--- Data extract ---
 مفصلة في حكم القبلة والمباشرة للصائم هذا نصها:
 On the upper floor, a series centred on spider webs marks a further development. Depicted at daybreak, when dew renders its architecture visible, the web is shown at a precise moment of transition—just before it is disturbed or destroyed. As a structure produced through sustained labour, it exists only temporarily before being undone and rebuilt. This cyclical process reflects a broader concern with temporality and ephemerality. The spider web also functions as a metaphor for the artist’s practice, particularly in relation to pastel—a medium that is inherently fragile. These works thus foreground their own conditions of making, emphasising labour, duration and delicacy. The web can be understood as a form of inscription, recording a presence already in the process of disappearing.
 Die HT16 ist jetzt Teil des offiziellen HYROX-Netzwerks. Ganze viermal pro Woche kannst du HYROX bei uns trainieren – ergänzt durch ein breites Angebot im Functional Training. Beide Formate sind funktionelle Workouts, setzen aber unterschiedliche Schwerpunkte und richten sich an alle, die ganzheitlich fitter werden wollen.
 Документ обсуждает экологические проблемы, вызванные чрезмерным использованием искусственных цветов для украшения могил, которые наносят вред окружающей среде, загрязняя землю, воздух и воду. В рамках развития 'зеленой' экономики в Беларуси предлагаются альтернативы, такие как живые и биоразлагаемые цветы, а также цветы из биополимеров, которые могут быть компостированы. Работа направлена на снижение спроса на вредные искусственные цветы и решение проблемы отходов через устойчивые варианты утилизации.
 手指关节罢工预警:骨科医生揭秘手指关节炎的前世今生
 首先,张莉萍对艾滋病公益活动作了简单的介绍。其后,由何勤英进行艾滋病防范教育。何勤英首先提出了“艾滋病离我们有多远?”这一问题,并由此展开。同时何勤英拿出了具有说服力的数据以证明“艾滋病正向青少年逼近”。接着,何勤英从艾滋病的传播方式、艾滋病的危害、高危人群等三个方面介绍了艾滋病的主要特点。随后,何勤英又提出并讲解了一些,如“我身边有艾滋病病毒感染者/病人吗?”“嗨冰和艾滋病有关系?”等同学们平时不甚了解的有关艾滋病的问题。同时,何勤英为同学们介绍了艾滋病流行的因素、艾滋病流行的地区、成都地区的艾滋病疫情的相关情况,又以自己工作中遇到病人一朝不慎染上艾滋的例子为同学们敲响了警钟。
---
--- Data extract ---
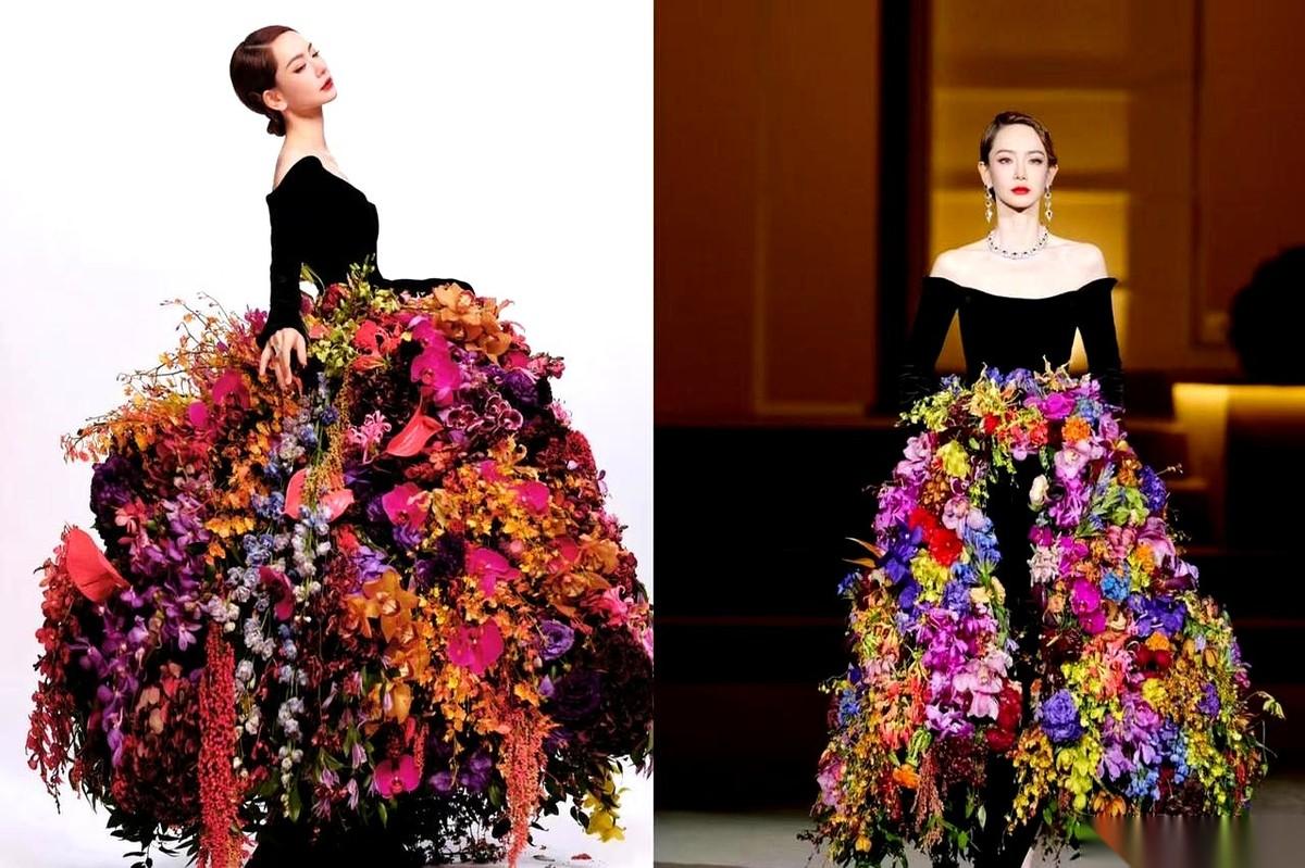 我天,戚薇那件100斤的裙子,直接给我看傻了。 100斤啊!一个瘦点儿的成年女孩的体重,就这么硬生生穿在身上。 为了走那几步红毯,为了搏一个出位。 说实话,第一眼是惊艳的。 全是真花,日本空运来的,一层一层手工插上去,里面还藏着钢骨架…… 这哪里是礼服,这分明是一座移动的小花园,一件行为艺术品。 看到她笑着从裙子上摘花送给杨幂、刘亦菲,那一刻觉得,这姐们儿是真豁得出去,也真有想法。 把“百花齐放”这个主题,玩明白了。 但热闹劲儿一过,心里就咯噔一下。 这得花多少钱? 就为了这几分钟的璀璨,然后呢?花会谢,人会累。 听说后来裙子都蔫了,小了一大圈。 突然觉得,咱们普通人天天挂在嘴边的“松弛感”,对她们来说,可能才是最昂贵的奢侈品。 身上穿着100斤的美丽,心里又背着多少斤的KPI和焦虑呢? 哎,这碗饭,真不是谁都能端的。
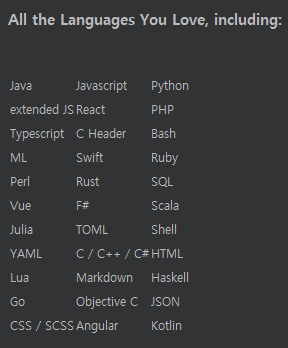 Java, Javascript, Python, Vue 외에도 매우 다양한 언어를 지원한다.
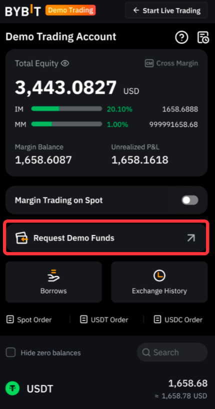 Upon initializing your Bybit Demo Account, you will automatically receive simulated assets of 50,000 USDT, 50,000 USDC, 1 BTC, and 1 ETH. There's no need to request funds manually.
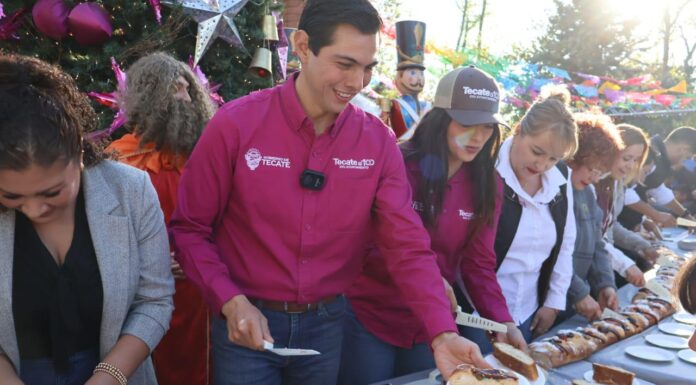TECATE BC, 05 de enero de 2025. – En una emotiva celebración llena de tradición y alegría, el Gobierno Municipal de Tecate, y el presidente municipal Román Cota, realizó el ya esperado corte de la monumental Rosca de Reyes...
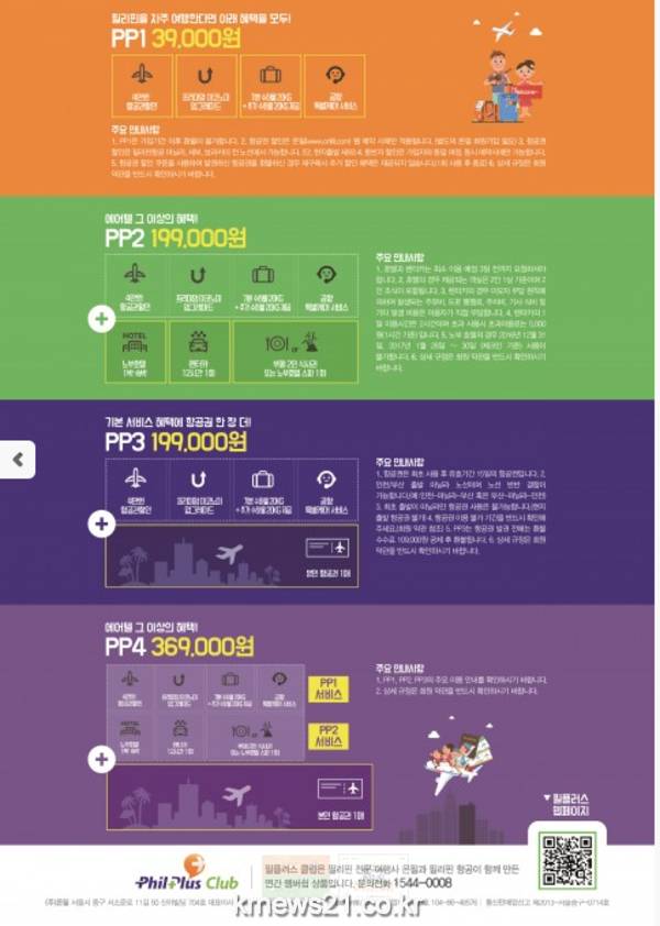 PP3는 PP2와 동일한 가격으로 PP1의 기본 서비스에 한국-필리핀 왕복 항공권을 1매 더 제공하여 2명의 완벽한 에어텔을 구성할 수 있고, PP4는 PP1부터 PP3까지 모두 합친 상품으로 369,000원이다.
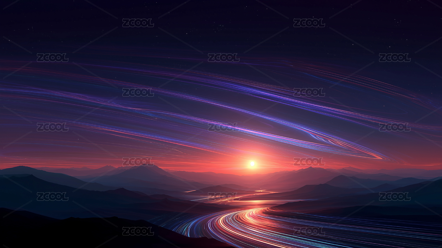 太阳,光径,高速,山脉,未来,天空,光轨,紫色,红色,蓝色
---
--- Data extract ---
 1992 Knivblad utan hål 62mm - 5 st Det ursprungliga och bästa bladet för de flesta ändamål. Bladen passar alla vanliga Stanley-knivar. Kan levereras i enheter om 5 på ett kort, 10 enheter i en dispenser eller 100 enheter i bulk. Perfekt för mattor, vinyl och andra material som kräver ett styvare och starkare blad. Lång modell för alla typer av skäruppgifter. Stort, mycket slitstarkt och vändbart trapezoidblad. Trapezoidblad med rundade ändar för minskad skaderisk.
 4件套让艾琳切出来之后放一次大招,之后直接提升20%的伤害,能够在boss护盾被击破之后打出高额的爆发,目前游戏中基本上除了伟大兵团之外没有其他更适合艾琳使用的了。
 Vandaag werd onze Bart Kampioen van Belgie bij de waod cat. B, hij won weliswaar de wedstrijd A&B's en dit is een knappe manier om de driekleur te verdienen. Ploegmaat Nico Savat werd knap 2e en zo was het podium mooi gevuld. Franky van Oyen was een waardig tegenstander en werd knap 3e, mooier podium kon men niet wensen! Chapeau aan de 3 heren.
---
- _Problem_
Each line from the one that contains "Upon initializing your" down to the one that contains "太阳,光径,高速,山脉,未来,天空,光轨,紫色,红色,蓝色" is to be returned exactly as it stands above, both ends included, with pictures removed.

- _Solved problem_
 Upon initializing your Bybit Demo Account, you will automatically receive simulated assets of 50,000 USDT, 50,000 USDC, 1 BTC, and 1 ETH. There's no need to request funds manually.
TECATE BC, 05 de enero de 2025. – En una emotiva celebración llena de tradición y alegría, el Gobierno Municipal de Tecate, y el presidente municipal Román Cota, realizó el ya esperado corte de la monumental Rosca de Reyes...
 PP3는 PP2와 동일한 가격으로 PP1의 기본 서비스에 한국-필리핀 왕복 항공권을 1매 더 제공하여 2명의 완벽한 에어텔을 구성할 수 있고, PP4는 PP1부터 PP3까지 모두 합친 상품으로 369,000원이다.
 太阳,光径,高速,山脉,未来,天空,光轨,紫色,红色,蓝色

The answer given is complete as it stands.